How to use this guide
- Locate the error code in the Error index.
- Review the summary to confirm it matches your issue.
- Check the likely causes to narrow down the problem.
- Follow the remediation steps in order.
- If unresolved, escalate with logs and a reproducible example.
Error index
| Category | Error code | Summary |
|---|---|---|
| Internal | GPU_INTERNAL_LOGIC_ERROR | Unexpected internal control flow |
| GPU_SELECT_DEADLOCK | Interpreter deadlock detected | |
| GPU_LAUNCH_FAIL | GPU kernel launch failed | |
| GPU_CALCULATE_SCRATCH_ERR | Scratch memory calculation failed | |
| Memory | GPU_ARENA_MAP_FAILED | Host allocator creation failed |
| GPU_HOST_ALLOC_FAILED | Host memory allocation failed | |
| GPU_CUDA_ALLOC_FAILED | GPU VRAM allocation failed | |
| GPU_CREATE_GLOBAL_SET | Global set creation failed | |
| Type/parse | GPU_PARSE_FAIL | Input parsing failed |
| GPU_PARSE_NOT_IMPLEMENTED | Input parsing not implemented | |
| GPU_INVALID_STATEMENT | Statement rejected during parsing | |
| GPU_TYPE_UNSUPPORTED | Type not supported for operation | |
| GPU_INVALID_DOMAIN | Enumeration domain not found | |
| Data and column | GPU_EXPECTED_FOREIGN | Expected a GPU foreign object |
| GPU_WRONG_DEVICE | Object belongs to a different GPU device | |
| GPU_NOT_A_COLUMN | Symbol not found in column list | |
| GPU_COLUMN_OF_LISTS_UNSUPPORTED | Columns of lists not supported in select | |
| GPU_SYMBOL_SORTING_NOT_IMPLEMENTED | Sorting on symbols or character arrays not supported | |
| Other | GPU_NOT_IMPLEMENTED | Feature not available |
| GPU_UNKNOWN | Unclassified error |
Internal errors
GPU_INTERNAL_LOGIC_ERROR
Summary: Unexpected internal control flow
The GPU module reached a code path that should be unreachable under normal operation. This indicates a bug within the module itself rather than incorrect user input.
Remediation steps
- Note the exact query or operation that triggered the error.

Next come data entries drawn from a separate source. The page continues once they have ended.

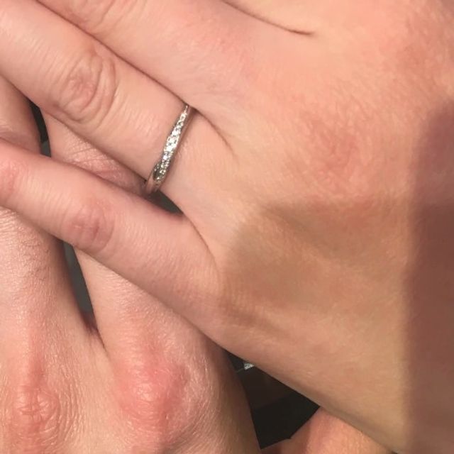 斜めにメレダイヤが配置されたリングを探しており、スタッフの方に希望を伝えたところ、多くのリングをオススメしてくれました。その中から選び試着していき、指にしっくりときたのがこのリングです。非常に付け心地が良く輝きも綺麗です。
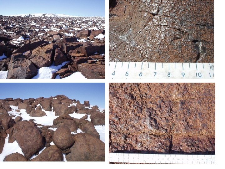 Hydrolys och Oxidation • • • Bergarts mineraler reagera med vatten för att producera nya mineraler. Producerar mjuk, lera-artig material som lätt eroderas. I torra klimaten kan hydrolys resulteras i grusvittring
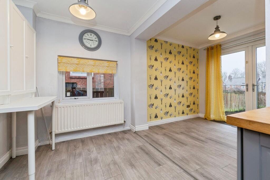 This beautifully presented three-bedroom semi-detached house offers an exceptional blend of modern living and family-friendly features. Upon arrival, the property impresses with its classic brick facade and a charming front garden, enclosed by a colourful picket fence and framed by double-glazed windows. Inside, two spacious reception rooms provide versatile living and entertaining options, each enhanced by large windows that flood the spaces with natural light. The open plan kitchen and dining area is a particular highlight, featuring sleek grey cabinetry, warm wooden countertops, and a stylish white subway tile backsplash. Integrated appliances, including a modern oven, create a seamless cooking experience, while the elegant wooden and tiled flooring throughout adds a touch of sophistication. French doors from the kitchen and living areas open directly onto a generous garden, seamlessly connecting indoor and outdoor spaces and inviting an abundance of light into the heart of the home.
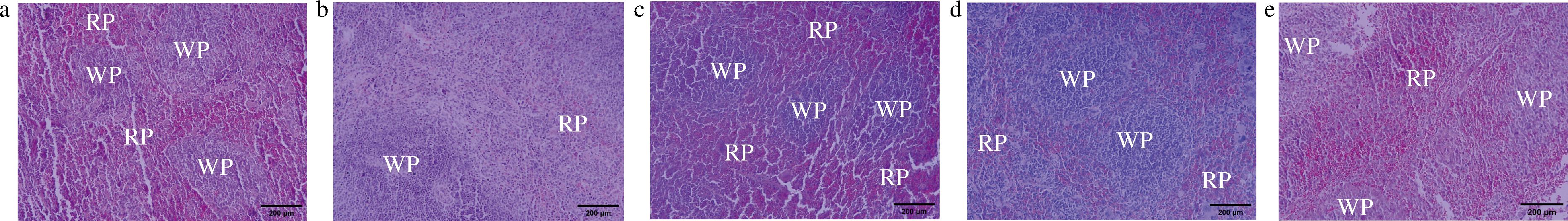 小鼠脾脏组织HE染色结果如图4所示,与NC组相比,CTX组小鼠脾脏结构紊乱,白髓(white pulp,WP)与红髓(red pulp,RP)边界模糊。与CTX组相比,CTX+BBH组能恢复脾脏组织的结构,WP与RP边界清晰,与CTX+LH组相似。结果表明,IOB LO7后生元通过恢复脾脏结构区室来保护脾脏功能。
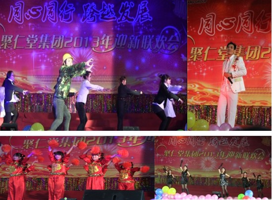 “難忘今宵,難忘今宵,無(wú)論天涯與海角,聚仁堂人同懷抱……”當(dāng)這熟悉而優(yōu)美的旋律響起,歷時(shí)3個(gè)半小時(shí)的聚仁堂集團(tuán)2013年迎新聯(lián)歡會(huì)圓滿落幕,但不落的是全體聚仁堂人澎湃的激情。本次聯(lián)歡會(huì)的所有節(jié)目均有集團(tuán)各單位的員工們自編自導(dǎo)自演,精彩的演出既展現(xiàn)了聚仁堂人多才多藝、積極向上的良好精神風(fēng)貌,也展現(xiàn)了集團(tuán)“聚仁士 獻(xiàn)仁愛(ài)”的真正魅力。
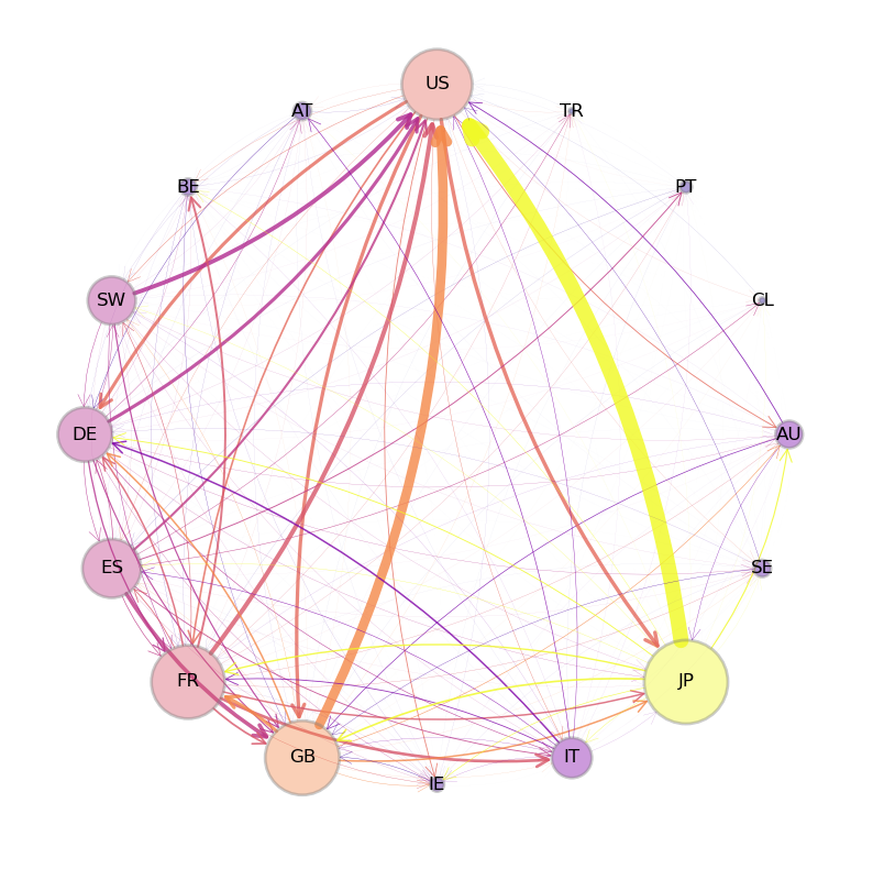 The following figure shows international trade in large commercial aircraft in 2019 based on International Trade Data SITC Revision 2.

- Check the KDB-X release notes for known issues in your current version.
- Try downgrading to the previous stable release to confirm it is a regression.
- Report the issue to KDB-X with a reproducible test case.
This indicates a system-level issue. Escalate to KDB-X support.
GPU_SELECT_DEADLOCK
Summary: Interpreter deadlock detected
The GPU interpreter has reached a deadlock state where two or more operations are waiting on each other and can no longer proceed. This is caused by a bug in the module's concurrency logic and should not occur under normal operation.
Remediation steps
- Terminate the GPU process.
- Upgrade to the latest module version where the bug may be fixed.
- Report to KDB-X support - this error should not occur.
This indicates a system-level issue. Escalate to KDB-X support.
GPU_LAUNCH_FAIL
Summary: GPU kernel launch failed
An attempt to launch a CUDA kernel on the GPU device failed. The kernel could not be dispatched for execution.
Likely causes
- CUDA driver or device in an error state
- Invalid internal kernel configuration
Remediation steps
- Check
nvidia-smifor GPU health and error state. - Run
compute-sanitizerto detect device errors. - Reboot the host to reset the CUDA driver and GPU state.
- Verify the CUDA toolkit and driver versions are compatible.
GPU_CALCULATE_SCRATCH_ERR
Summary: Scratch memory calculation failed
The module failed to determine how much scratch (temporary working) memory a GPU kernel requires before launching it. This is a pre-launch validation step.
Likely causes
- A bug in the scratch-size calculation logic for a specific kernel
- An unsupported parameter combination passed to the calculation routine
Remediation steps
- Note the specific operation that triggered this error.
- Check for a known issue in the current module version's changelog.
- Report to KDB-X support with full context - this error should not occur.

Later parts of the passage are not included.